_Goal of the exercise_
Given the material below, return only the lines starting at the line with "百貨店なら16,200円相当" and ending at the line with "Ce sac cadeau", exactly as they appear.

##### Data for the task #####

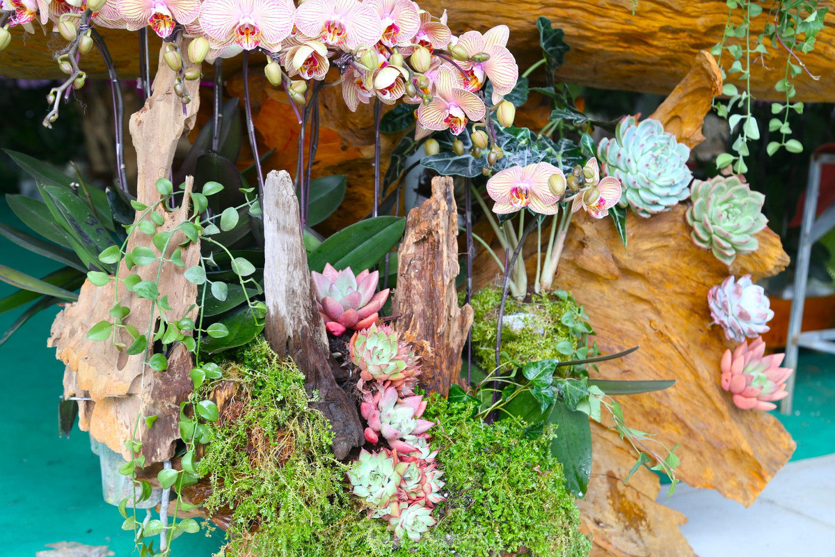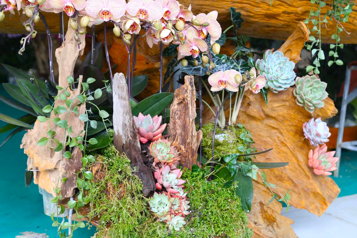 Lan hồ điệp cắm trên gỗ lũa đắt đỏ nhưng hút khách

#####
##### Data for the task #####

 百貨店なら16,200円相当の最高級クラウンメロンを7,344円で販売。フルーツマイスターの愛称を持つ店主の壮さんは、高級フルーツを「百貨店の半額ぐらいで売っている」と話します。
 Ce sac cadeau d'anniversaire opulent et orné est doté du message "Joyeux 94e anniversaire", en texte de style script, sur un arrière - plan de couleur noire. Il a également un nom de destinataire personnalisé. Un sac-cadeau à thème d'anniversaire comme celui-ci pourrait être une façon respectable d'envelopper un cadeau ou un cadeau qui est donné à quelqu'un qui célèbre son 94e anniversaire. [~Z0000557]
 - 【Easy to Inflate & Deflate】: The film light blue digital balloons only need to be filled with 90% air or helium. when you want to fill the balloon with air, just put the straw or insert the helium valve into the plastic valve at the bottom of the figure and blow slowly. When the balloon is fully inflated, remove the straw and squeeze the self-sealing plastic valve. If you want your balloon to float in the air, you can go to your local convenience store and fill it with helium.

#####

_Written solution_
 百貨店なら16,200円相当の最高級クラウンメロンを7,344円で販売。フルーツマイスターの愛称を持つ店主の壮さんは、高級フルーツを「百貨店の半額ぐらいで売っている」と話します。
 Ce sac cadeau d'anniversaire opulent et orné est doté du message "Joyeux 94e anniversaire", en texte de style script, sur un arrière - plan de couleur noire. Il a également un nom de destinataire personnalisé. Un sac-cadeau à thème d'anniversaire comme celui-ci pourrait être une façon respectable d'envelopper un cadeau ou un cadeau qui est donné à quelqu'un qui célèbre son 94e anniversaire. [~Z0000557]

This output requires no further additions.